Global climate model performance in West Africa: Realizing the goals of RADAGAST

 

Authors

Mark A. Miller — Rutgers University
Virendra Prakash Ghate — Argonne National Laboratory

Category

Field Campaigns

Description

The ARM Mobile Facility (AMF) was deployed in West Africa during 2006 in support of the Radiative Atmospheric Divergence Using AMF, GERB data, and AMMA Stations (RADAGAST) campaign. The principal goal of RADAGAST was to measure the cross-atmosphere radiative flux divergence using data from the ARM Mobile Facility (AMF) and the Geostationary Earth Radiation Budget Experiment (GERB). This configuration enabled the controls of this flux divergence to be determined using measurements from the AMF (Slingo et al. 2009). The ultimate goal of the RADAGAST campaign was to determine whether the radiative flux divergence and the factors that control it are properly simulated in the current generation of GCMs.
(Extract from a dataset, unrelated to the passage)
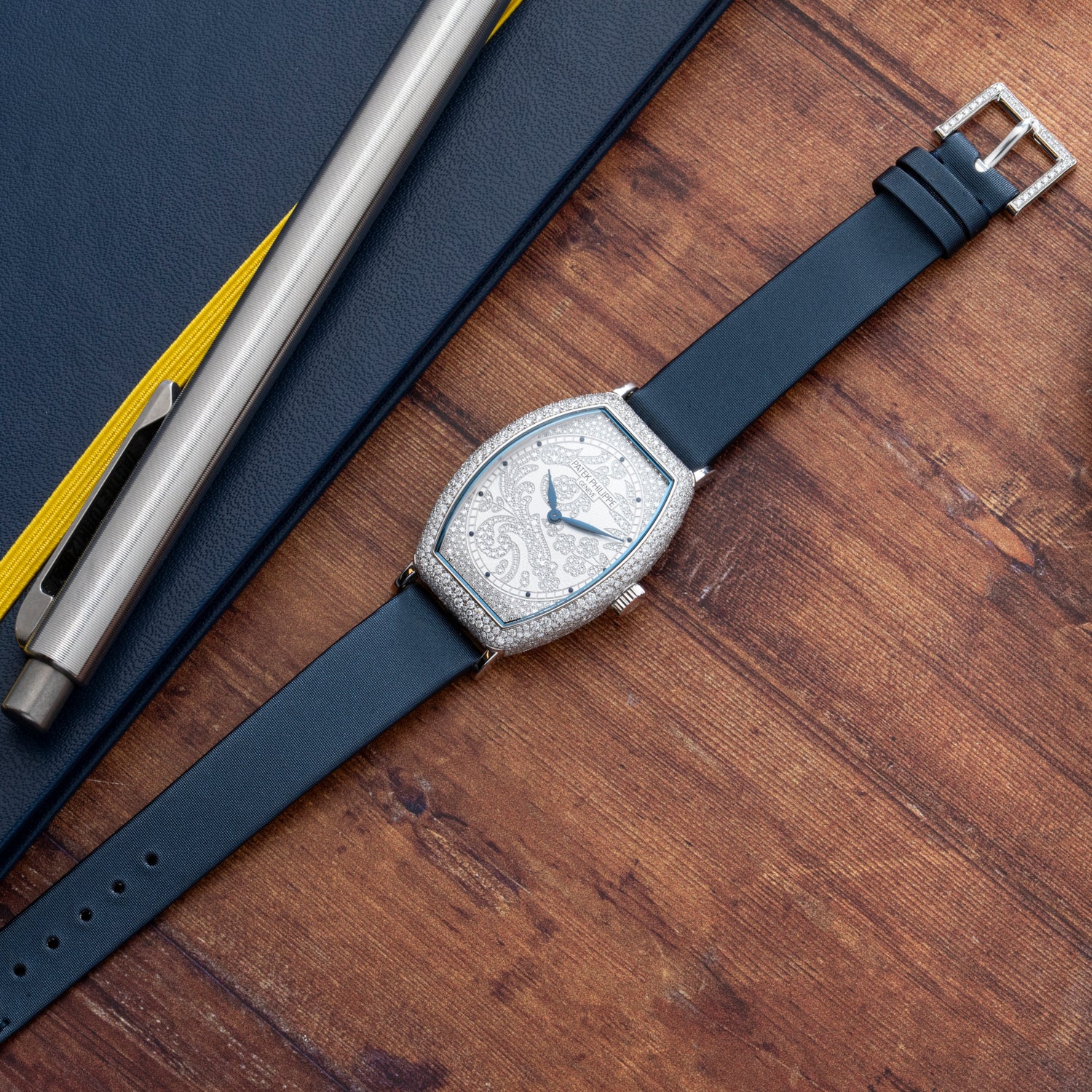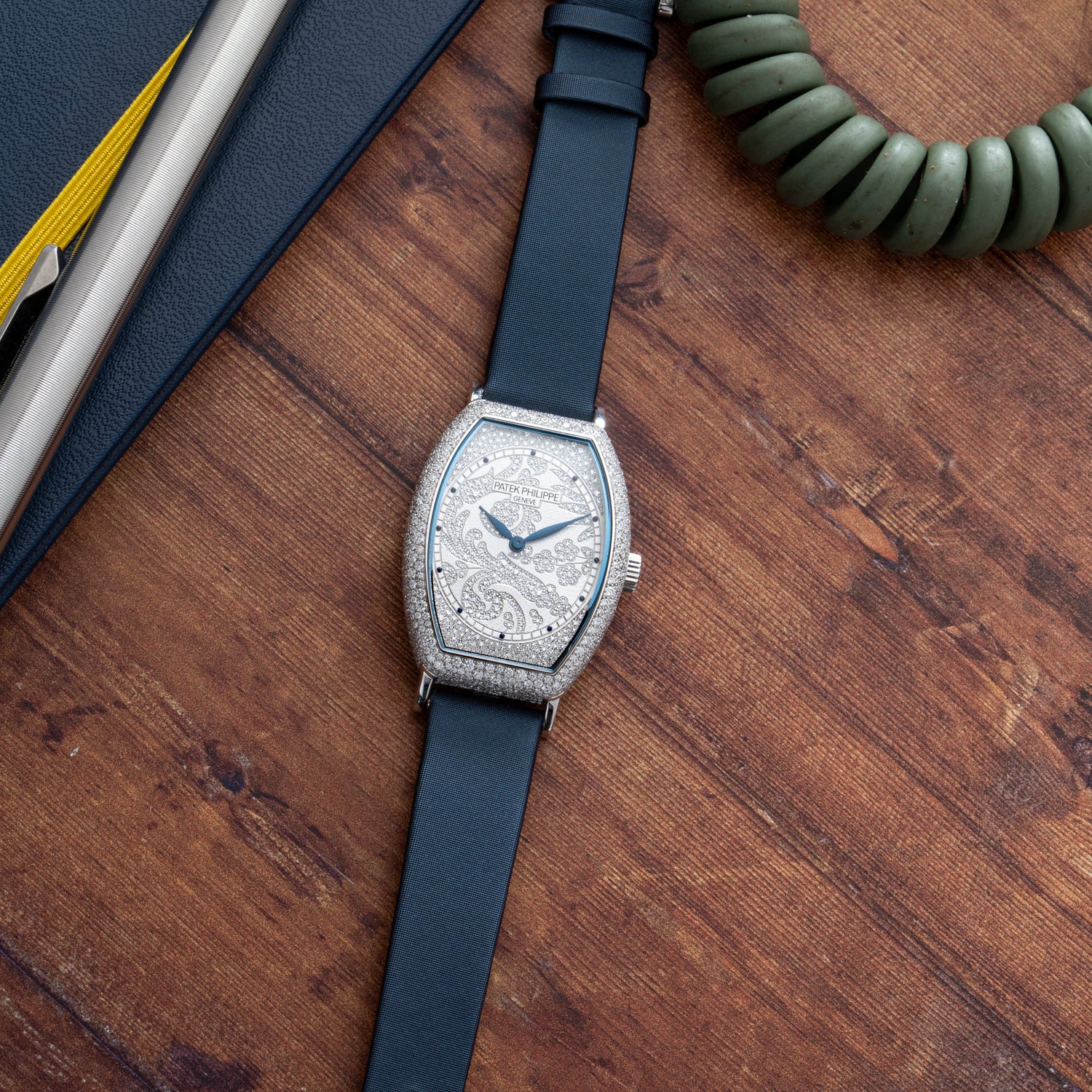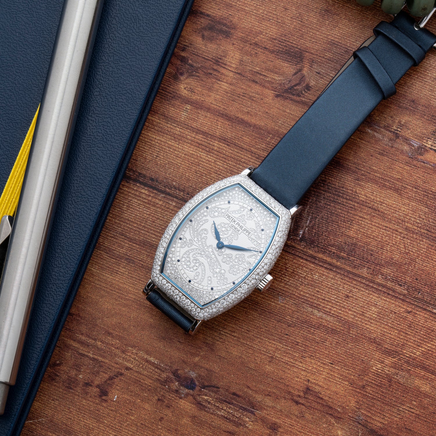 This example, a Reference 7099G-001, dates to 2021 and features an 18K white gold tonneau case with a curved sapphire crystal, a signed crown and an exhibition caseback showcasing Patek’s manual-winding Calibre 25-21 REC movement. Its silver dial features a mesmerizing mix of guilloche finishes and applied diamonds, a minimalist set of applied hour indications, and a diamond set bezel.

To realize this goal, we compared the RADAGAST measurements with three GCMs used in the most recent IPCC report (GISS Model-e, HADGEM1, and AM2) and the NCAR Community Climate Model Version 3 (CCM3). The surface and top-of-atmosphere radiative fluxes, cross-atmosphere radiative flux divergence, surface energy budgets, and the clouds and precipitation simulated by each model were compared with the observations from RADAGAST. A decadal window centered on the year 2006 was used to compute averages and extremes for each variable in the model. To assess the performance of the cloud parameterizations, the ability of each model to reproduce an observed relationship between the surface lifting condensation level and the structure of clouds and precipitation is examined. It is shown that models that reproduce the radiative structure tend to exhibit sub-par performance in simulating clouds and precipitation, and vice versa. Models that more faithfully represent the radiative structure are shown to possess cloud fields that are strongly modulated by tuning to satellite data from the International Satellite Cloud Climatology Project (ISCCP). These models are shown to underperform models not tuned to ISCCP when the figure of merit is the ability to faithfully represent the clouds and precipitation observed in 2006.